Publisher Description

A Ms. Magazine Most Anticipated Book

Shortlisted 2025, Museum of African American History Stone Book Award

From the New York Times bestselling author, a radical reframing of the life and work of Martin Luther King Jr.

“Theoharis shows us through penetrating research and sensitive, scholarly insight that Dr. King not only was keenly aware of the history of antiblack racism in the North, but battled it from the very beginning of his career.” —Henry Louis Gates Jr.

The Martin Luther King Jr. of popular memory vanquished Jim Crow in the South. But in this myth-shattering book, award-winning and New York Times bestselling historian Jeanne Theoharis argues that King’s time in Boston, New York, Los Angeles, and Chicago—outside Dixie—was at the heart of his campaign for racial justice. King of the North follows King as he crisscrosses the country from the Northeast to the West Coast, challenging school segregation, police brutality, housing segregation, and job discrimination. For these efforts, he was relentlessly attacked by white liberals, the media, and the federal government.

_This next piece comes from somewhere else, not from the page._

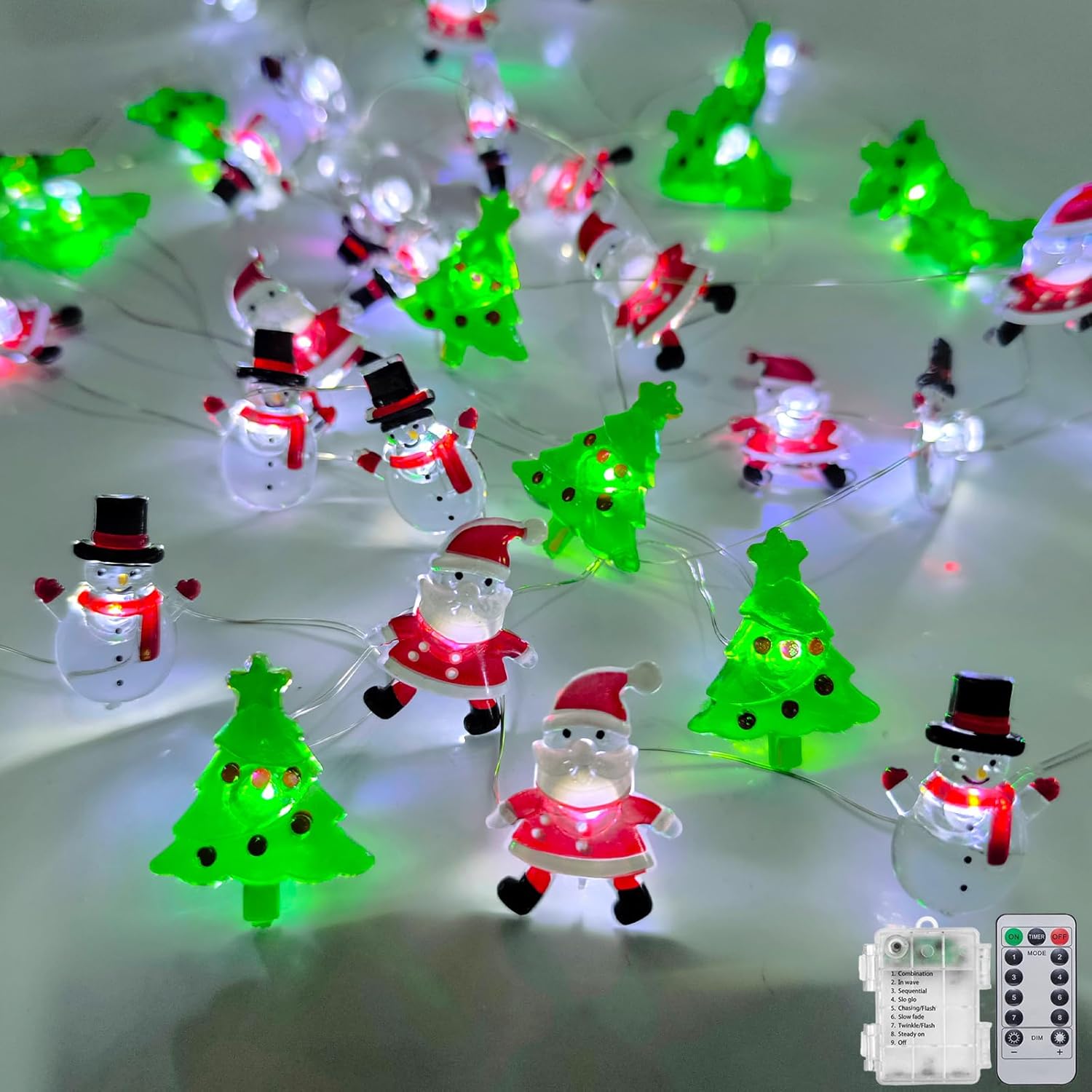 - Festive Designs: Includes 50 LED lights in the shapes of Christmas trees, Santa Claus, and snowmen for a fun and cheerful holiday vibe.

In this bold retelling, King emerges as a someone who not only led a movement but who showed up for other people’s struggles; a charismatic speaker who also listened and learned; a Black man who experienced police brutality; a minister who lived with and organized alongside the poor; and a husband who—despite his flaws—depended on Coretta Scott King as an intellectual and political guide in the national fight against racism, poverty, and war.

King of the North speaks directly to our struggles over racial inequality today. Just as she restored Rosa Parks’s central place in modern American history, so Theoharis radically expands our understanding of King’s life and work—a vision of justice unfulfilled in the present.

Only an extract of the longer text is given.